DIRECTIONS FOR THIS TASK: Leave out the images; return the rest of the data exactly.
━━━━━ GIVEN MATERIAL ━━━━━
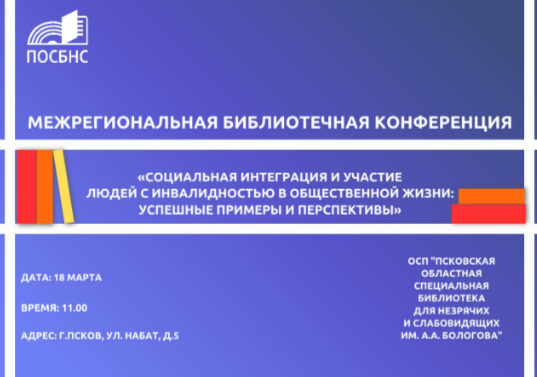 18 марта 2026 года в Пскове состоялась межрегиональная конференция «Социальная интеграция и участие людей с инвалидностью в общественной жизни: успешные примеры и перспективы». Организатором мероприятия выступило ОСП «Псковская областная специальная библиотека для незрячих и слабовидящих им. А. А. Бологова» при поддержке Министерс
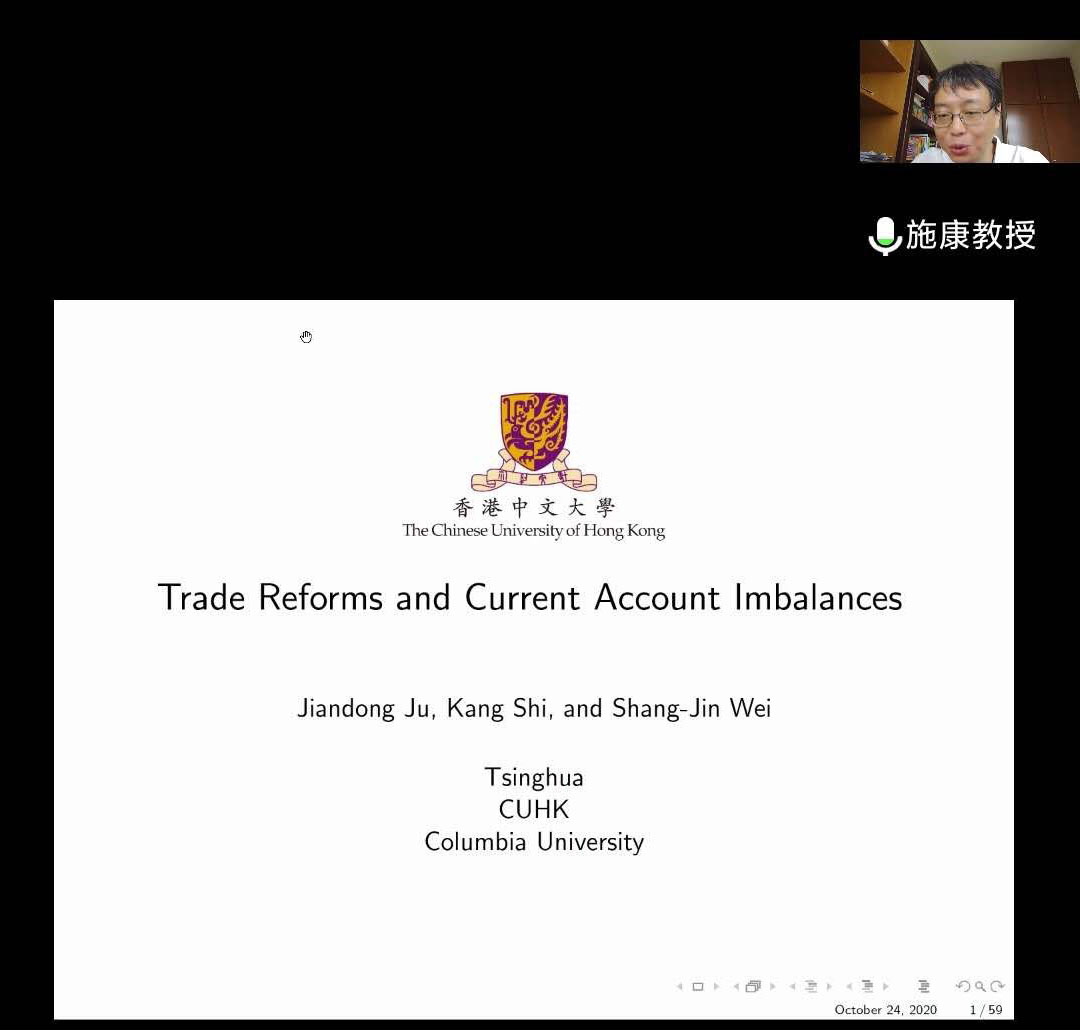 施康副教授为公司教师做了题为《Trade Reform and Current Account Imbalance》的主题讲座,阐释了贸易自由化冲击对于经常账户的影响机制。施康副教授现场解答了李瑞鹏、钱崇秀等教师关于潜在利率等方面的问题。
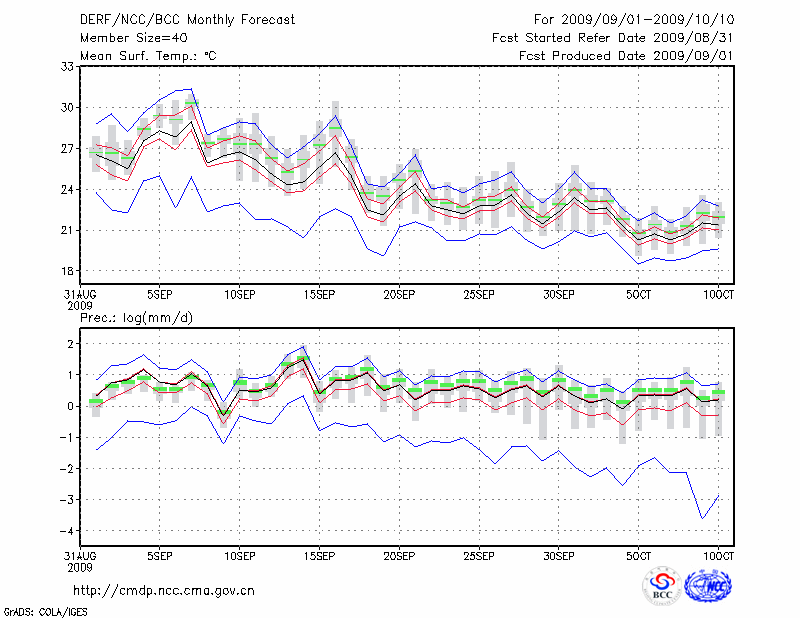 宜 宾 (LAT:28.80 LON:104.60) 2009-09-01        预测
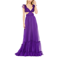 Mac Duggal Chiffon Deep V-Neck Sleeveless Ruffled Shoulder Ball G...
━━━━━
SOLUTION TO THIS EXERCISE:
 18 марта 2026 года в Пскове состоялась межрегиональная конференция «Социальная интеграция и участие людей с инвалидностью в общественной жизни: успешные примеры и перспективы». Организатором мероприятия выступило ОСП «Псковская областная специальная библиотека для незрячих и слабовидящих им. А. А. Бологова» при поддержке Министерс
 施康副教授为公司教师做了题为《Trade Reform and Current Account Imbalance》的主题讲座,阐释了贸易自由化冲击对于经常账户的影响机制。施康副教授现场解答了李瑞鹏、钱崇秀等教师关于潜在利率等方面的问题。
 宜 宾 (LAT:28.80 LON:104.60) 2009-09-01        预测
 Mac Duggal Chiffon Deep V-Neck Sleeveless Ruffled Shoulder Ball G...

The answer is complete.